Charles Spurgeon on the need for courage and sacrifice in the midst of theological controversy:
The well-known story of Arnold you Winkelried occurs to us as admirably illustrating our present position. The tale shall be told, and then we will append its moral. The Austrian duke, determined to make vassals of the Swiss cantons, had marched an army of well-armed knights and nobles to attack the city of Lucerne, against which the giant Swiss could only send into the field a few ill-accoutered warriors. Armor was scarce among the Swiss; some had only boards fastened on their arms by way of shields, some had halberts which had been used by their sires at the battle of Morgarten, and others wielded two-handed swords and battle-axes; they formed themselves into a wedge, and strove with useless valor to break the bristling line of spears presented by the Austrian knights, whose gay shields and polished impenetrable armor stood like a glittering wall quite out of the Switzer’s reach. Nothing availed against the Austrian phalanx, while death thinned the ranks of the patriots. It was a moment when some unusual deed was needed, and the deed was done. Winkelried saw at a glance the only means of saving his country, and promptly made himself a sacrifice to secure her liberties. Sir Walter Scott, in a worthy translation of the poem of Albert Tchudi, sings of the hero’s valiant self-sacrifice : —
“‘I have a virtuous wife at home,
A wife and infant son
I leave them to my country’s care,—
This field shall soon be won.
These nobles lay their spears right thick,
And keep full firm array,
Yet shall my charge their order break,
And make my brethren way.’
He rush’d against the Austrian band
In desperate career,
And with his body, breast, and hand,
Bore down each hostile spear.
Four lances splinter’d on his crest,
Six shiver’d in his side;
Still on the serried files he press’d —
He broke their ranks, and died.
This patriot’s self-devoted deed
First tamed the Lion’s mood,
And the four forest cantons freed
From thraldom by his blood.
Right where his charge had made a lane,
His valiant comrades burst,
With sword, and ax, and partisan,
And hack, and stab, and thrust.”
When fairly mingled in the fray, the unwieldy length of their weapons and cumbrous weight of their defensive armor rendered the Austrian men-at-arms a very unequal match for the valiant mountaineers, and the liberties of Switzerland were secured by the slaughter of her foes.

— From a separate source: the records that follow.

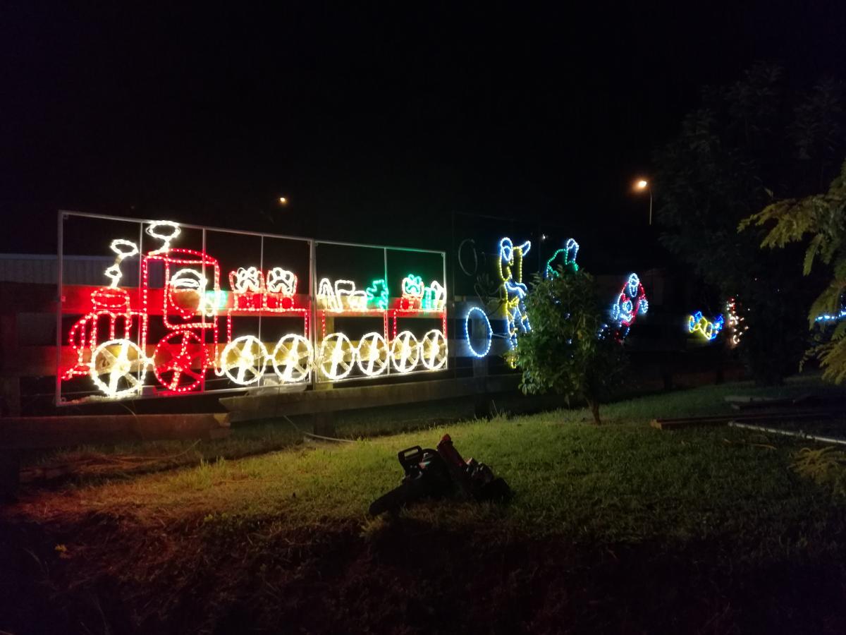WE ARE ALL GO for the Christmas Lights displays at 109c Centennial Ave in Te Aroha. The last 2 days have been a repairing and mending time, drying out plugs and hoping not to blow up the entire Te Aroha and the surrounding areas power supply after the storms in the past 2 days. Open tonight at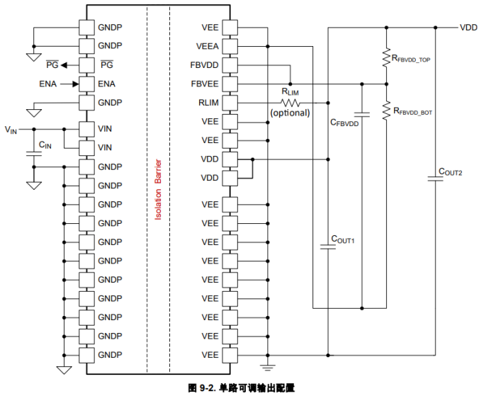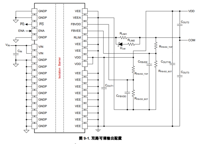 可調(diào)節(jié)的 (VDD – VEE) 輸出電壓(通過外部電阻器):在整個溫度范圍內(nèi)為 15V 至 25V,調(diào)節(jié)精度為 ±1.3%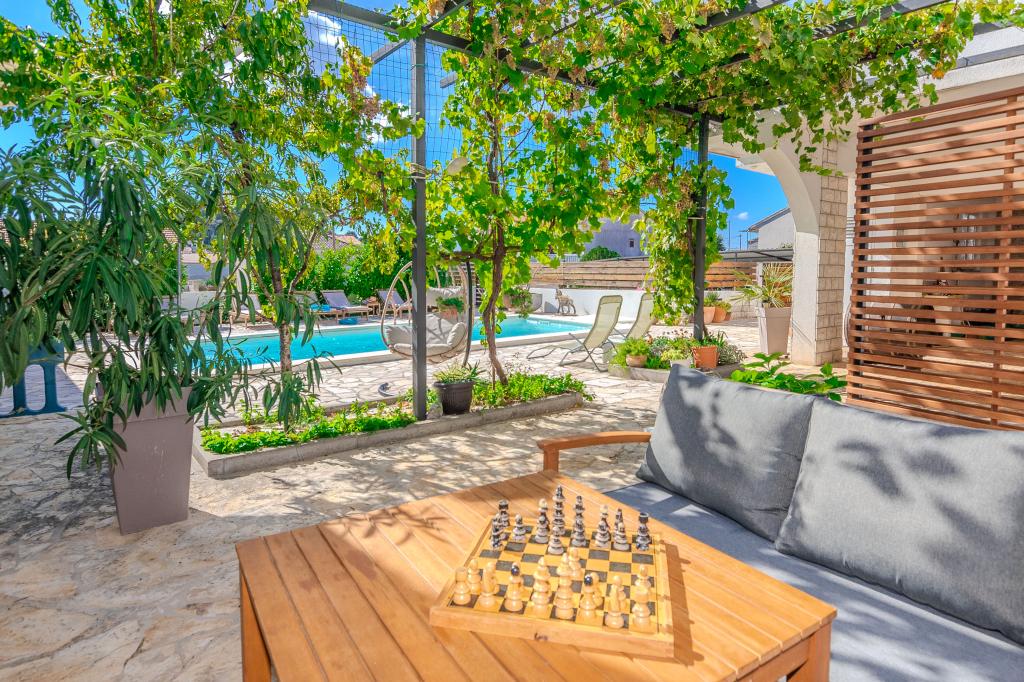 Apartmány se nacházejí v malé rybářské vesnici Tribunj. Krátkou a snadnou procházkou od domu k trhu si můžete každý den koupit čerstvé ryby, sezónní ovoce a zeleninu. Velká zahrada s bazénem a dalším vybavením vám zpříjemní dovolenou. Z Tribunje se organizují výlety lodí do Národního parku Kornati.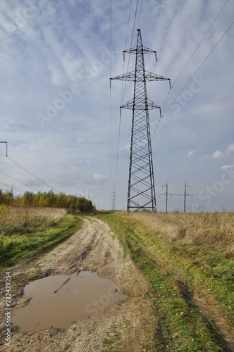 power, electricity, energy, sky, tower, electric, pylon, road, cable, line, high, voltage, electrical, blue, field, industry, line, wire, steel, landscape, summer, nature, powerline, technology, green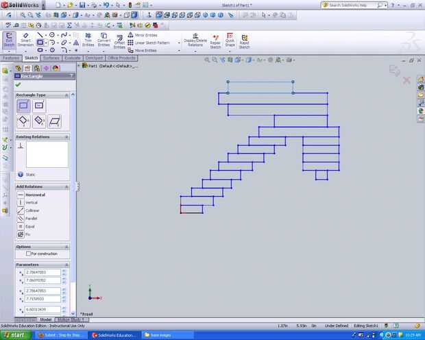 paso 1. Abra un croquis en el plano frontal y a partir del origen obtenga la forma áspera de la piqueta de Minecraft usando la herramienta rectángulo. Sugiero usar una imagen de Google imágenes como referencia.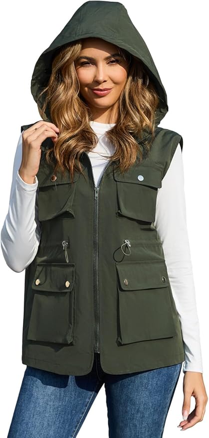PESION Womens Packable Military Utility Vests Outerwear Waterproof Windbreaker Jacket Cargo Vest with Removable Hood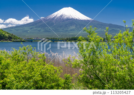 《山梨県》初夏の富士山・新緑の河口湖湖畔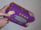 把小包的面紙由上方已開的口放入,若要用到小包面紙時,可由底部剪裁的洞口抽出即可,有點類似銷售面紙的自動販賣機一樣,只要將這個面紙收納盒放在顯眼的地方,就可以免去東找西找的困擾了。

All great movements need the entire self-sacrifice of some one man who, careless of consequences, will throw himself upon the spears of the enemy. Providence has usually raised up such a one just when he was, needed, and we may look for such a person to come suddenly to the front now. Meanwhile, is there not a man of the sort to be found in our churches? We believe there are many, and to aid in identifying them we will sketch the man required. He must be simple-minded, outspoken, bold and fearless of consequences. To him courage must be instead of prudence, and faith instead of policy. He must be prepared to be apparently despised and really hated, because intensely dreaded. He must reckon upon having every sentence he utters distorted, and every action misrepresented, but in this he must rejoice so long as his blows tell and his utterances win a hearing. Ease, reputation, comfort, he must renounce, and be content so long as he lives to dwell without the world’s camp. Standing at the point of the wedge he must be ambitious to bury as many spears as possible in his own bosom that others may win the victory. Now who is the man who should naturally take up this position? Who in our churches is most called to it? Is it not the minister of Christ? Who should lead the van of the Lord’s host but the preacher of the Word? In our measure, such being our calling, we are willing so to act as the Lord may enable us, for such is well becoming in a soldier of Jesus Christ.
From The Sword and the Trowel, August 1866.